The identification of genes in the pathway of fatty acid biosynthesis based on the transcriptome of Z. armatum. a the regulatory cascade of fatty acid biosynthesis pathway. Red fonts indicates the homologous differential expressed genes significantly up-regulated in this study and they were abbreviated as follows and they were abbreviated as follows: ACP, acyl carrier protein; KASII, Ketoacyl-ACP Synthase II; FabG, Oxoacyl-acyl-carrier Protein Reductase; AAD5, ACP Desaturase 5. b the relative expression of the DEGs during fruit development and maturation process.

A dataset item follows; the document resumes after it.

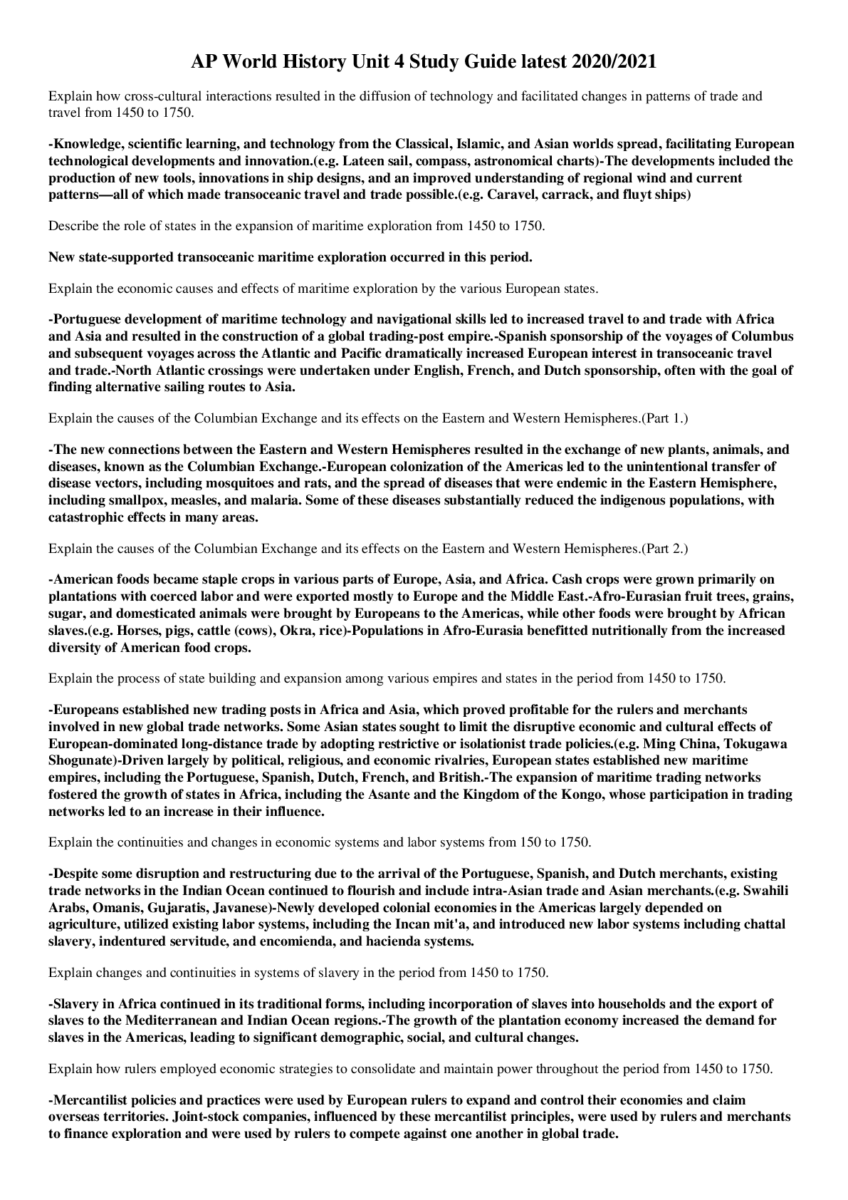 History > STUDY GUIDE > AP World History Unit 4 Study Guide Latest 2020/2021 (All)

The Fr1 was used as the control sample

Furthermore, ZaKASII (Cluster-12,235.36948), a key synthetase related to the elongation of 16-carbon palmitoyl-ACP to produce 18-carbon stearoyl-ACP, was significantly upregulated in the Fr4 stage (Fig. 4b) but presented relatively low expression in the preceding and subsequent stages, especially in the fruit maturation process (Fr7-Fr8). However, Cluster-12,235.36948, annotatedto FabG, which reduces3-Oxo-N-ACP to form 3-hydroxy-N-ACP, was not only upregulated in the Fr4 stage but also showed higher expression in the Fr6-Fr8 stages. It is worth noting that two unigenes annotated to ZaAAD5, Cluster-12,235.43479 and Cluster-12,235.42753, showed similar patterns and were exclusively upregulated in the Fr6 stage. Both of these unigenes are involved in important reactions in the formation of long-chain unsaturated fatty acids.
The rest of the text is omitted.